- TASK
The records are set out below this line. Return exactly the lines from the one containing "面盤與萊姆金錶殼做了相同的顏" through the last, and exclude the pictures.

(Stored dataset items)
=== Begin Enclosure ===

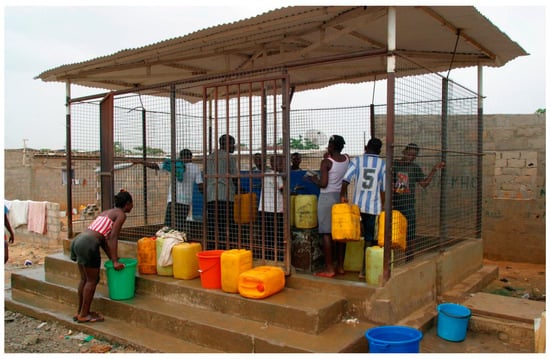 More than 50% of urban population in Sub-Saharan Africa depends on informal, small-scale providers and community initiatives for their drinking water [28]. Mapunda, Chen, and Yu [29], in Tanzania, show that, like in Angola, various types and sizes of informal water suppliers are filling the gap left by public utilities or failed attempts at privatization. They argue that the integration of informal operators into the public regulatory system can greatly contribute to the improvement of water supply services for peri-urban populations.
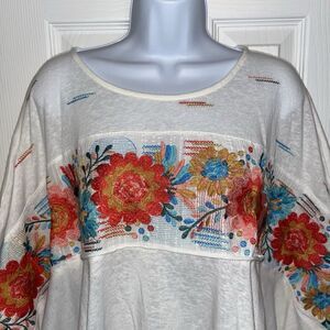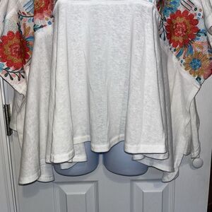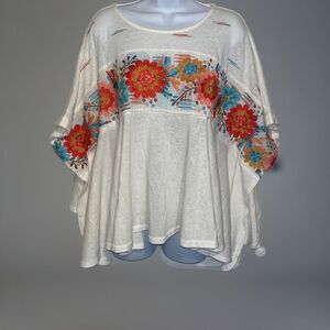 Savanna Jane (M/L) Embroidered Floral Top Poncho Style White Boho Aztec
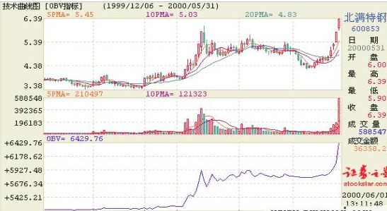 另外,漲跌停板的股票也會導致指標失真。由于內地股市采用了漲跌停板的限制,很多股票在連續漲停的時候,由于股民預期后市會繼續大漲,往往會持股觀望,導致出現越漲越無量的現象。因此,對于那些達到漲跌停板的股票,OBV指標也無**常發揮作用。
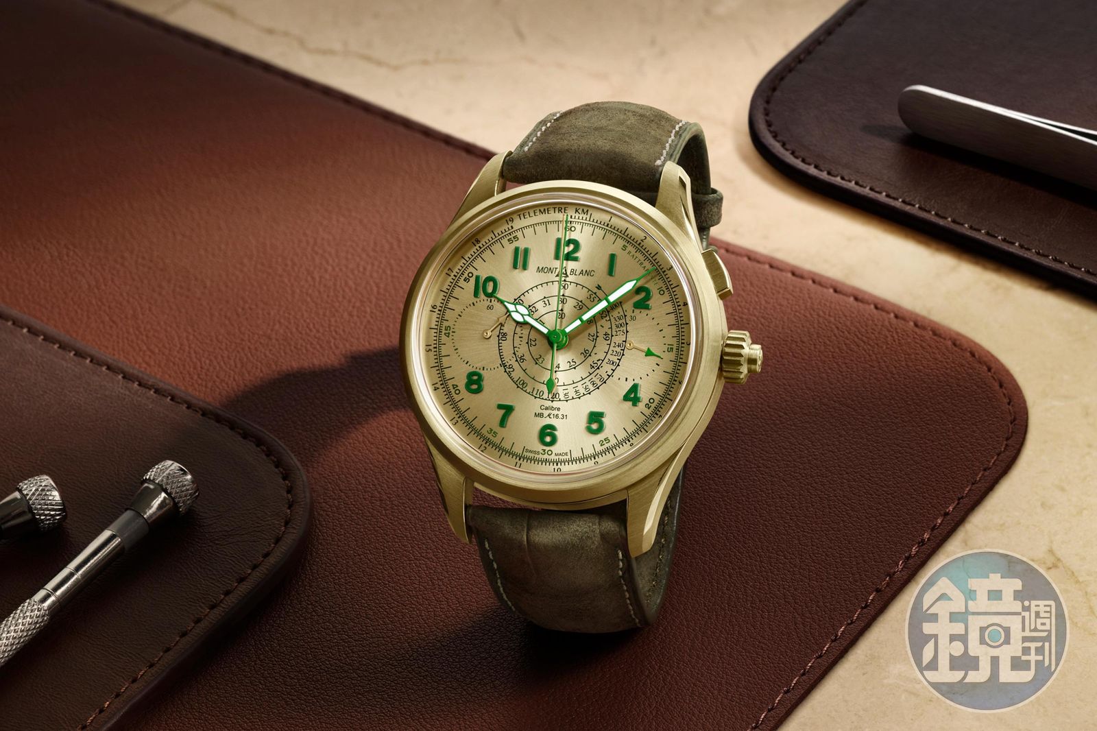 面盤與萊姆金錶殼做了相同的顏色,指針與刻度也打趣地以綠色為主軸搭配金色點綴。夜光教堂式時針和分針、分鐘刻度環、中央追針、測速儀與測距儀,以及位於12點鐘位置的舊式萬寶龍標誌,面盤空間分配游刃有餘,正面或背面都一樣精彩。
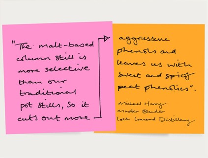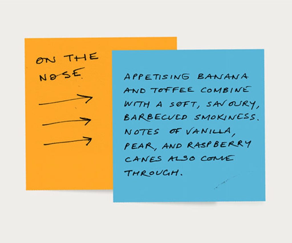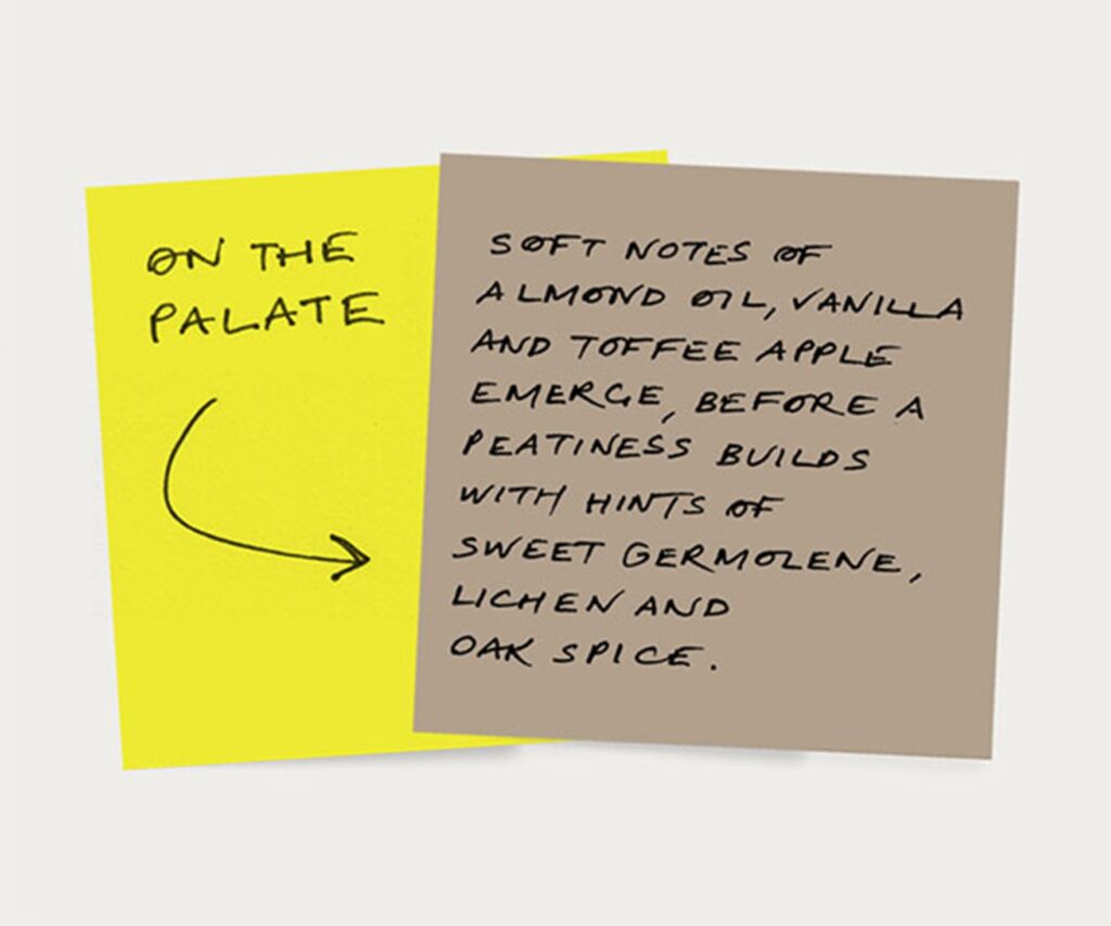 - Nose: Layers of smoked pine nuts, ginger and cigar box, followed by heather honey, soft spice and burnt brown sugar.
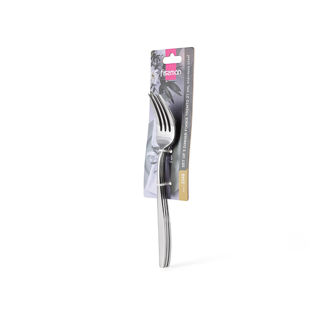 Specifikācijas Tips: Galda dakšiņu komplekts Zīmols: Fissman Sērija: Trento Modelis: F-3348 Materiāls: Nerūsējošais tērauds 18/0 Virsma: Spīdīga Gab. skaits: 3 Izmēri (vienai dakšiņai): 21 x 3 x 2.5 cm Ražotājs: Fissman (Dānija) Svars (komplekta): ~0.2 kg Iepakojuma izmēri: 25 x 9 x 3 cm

=== End Enclosure ===

- WRITTEN ANSWER
 面盤與萊姆金錶殼做了相同的顏色,指針與刻度也打趣地以綠色為主軸搭配金色點綴。夜光教堂式時針和分針、分鐘刻度環、中央追針、測速儀與測距儀,以及位於12點鐘位置的舊式萬寶龍標誌,面盤空間分配游刃有餘,正面或背面都一樣精彩。
 - Nose: Layers of smoked pine nuts, ginger and cigar box, followed by heather honey, soft spice and burnt brown sugar.
 Specifikācijas Tips: Galda dakšiņu komplekts Zīmols: Fissman Sērija: Trento Modelis: F-3348 Materiāls: Nerūsējošais tērauds 18/0 Virsma: Spīdīga Gab. skaits: 3 Izmēri (vienai dakšiņai): 21 x 3 x 2.5 cm Ražotājs: Fissman (Dānija) Svars (komplekta): ~0.2 kg Iepakojuma izmēri: 25 x 9 x 3 cm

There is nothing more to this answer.